-- What to work on --
What you output must match the entries exactly, apart from the pictures, which are left out.

-- Material to process --

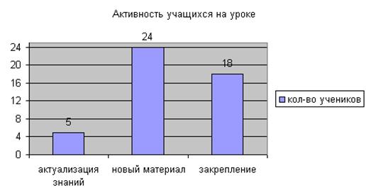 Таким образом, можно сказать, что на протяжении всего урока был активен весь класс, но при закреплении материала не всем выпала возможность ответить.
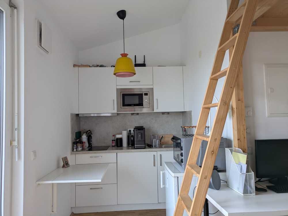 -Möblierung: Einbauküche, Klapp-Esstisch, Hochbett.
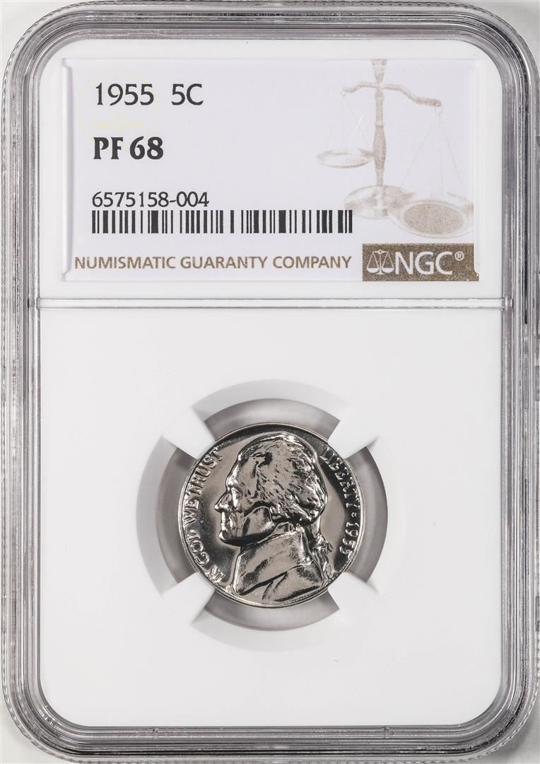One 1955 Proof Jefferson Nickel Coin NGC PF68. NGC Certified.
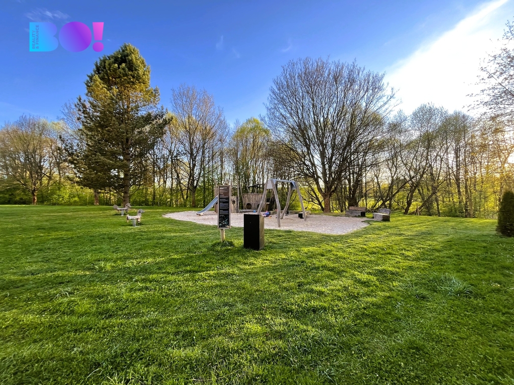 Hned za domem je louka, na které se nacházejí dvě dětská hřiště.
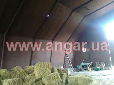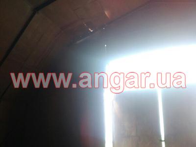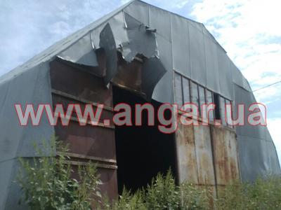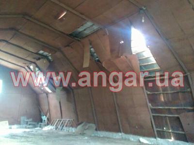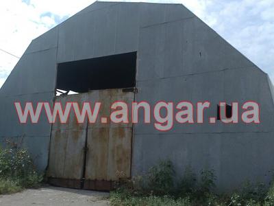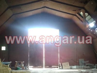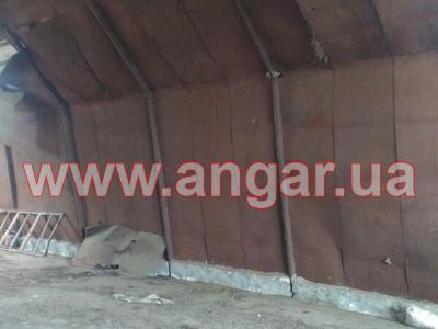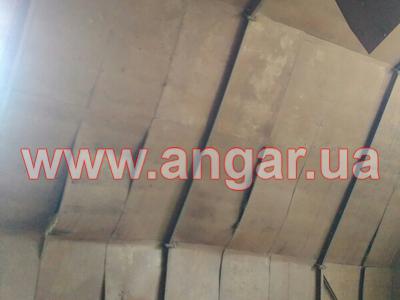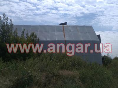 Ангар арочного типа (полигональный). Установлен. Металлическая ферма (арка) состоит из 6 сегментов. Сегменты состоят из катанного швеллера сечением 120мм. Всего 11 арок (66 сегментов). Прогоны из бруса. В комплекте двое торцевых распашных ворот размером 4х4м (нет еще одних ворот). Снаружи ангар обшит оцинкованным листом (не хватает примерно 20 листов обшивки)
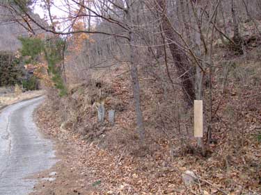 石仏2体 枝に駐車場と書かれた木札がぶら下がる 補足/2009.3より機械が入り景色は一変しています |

-- Output for this task --
 Таким образом, можно сказать, что на протяжении всего урока был активен весь класс, но при закреплении материала не всем выпала возможность ответить.
 -Möblierung: Einbauküche, Klapp-Esstisch, Hochbett.
One 1955 Proof Jefferson Nickel Coin NGC PF68. NGC Certified.
 Hned za domem je louka, na které se nacházejí dvě dětská hřiště.
 Ангар арочного типа (полигональный). Установлен. Металлическая ферма (арка) состоит из 6 сегментов. Сегменты состоят из катанного швеллера сечением 120мм. Всего 11 арок (66 сегментов). Прогоны из бруса. В комплекте двое торцевых распашных ворот размером 4х4м (нет еще одних ворот). Снаружи ангар обшит оцинкованным листом (не хватает примерно 20 листов обшивки)
 石仏2体 枝に駐車場と書かれた木札がぶら下がる 補足/2009.3より機械が入り景色は一変しています |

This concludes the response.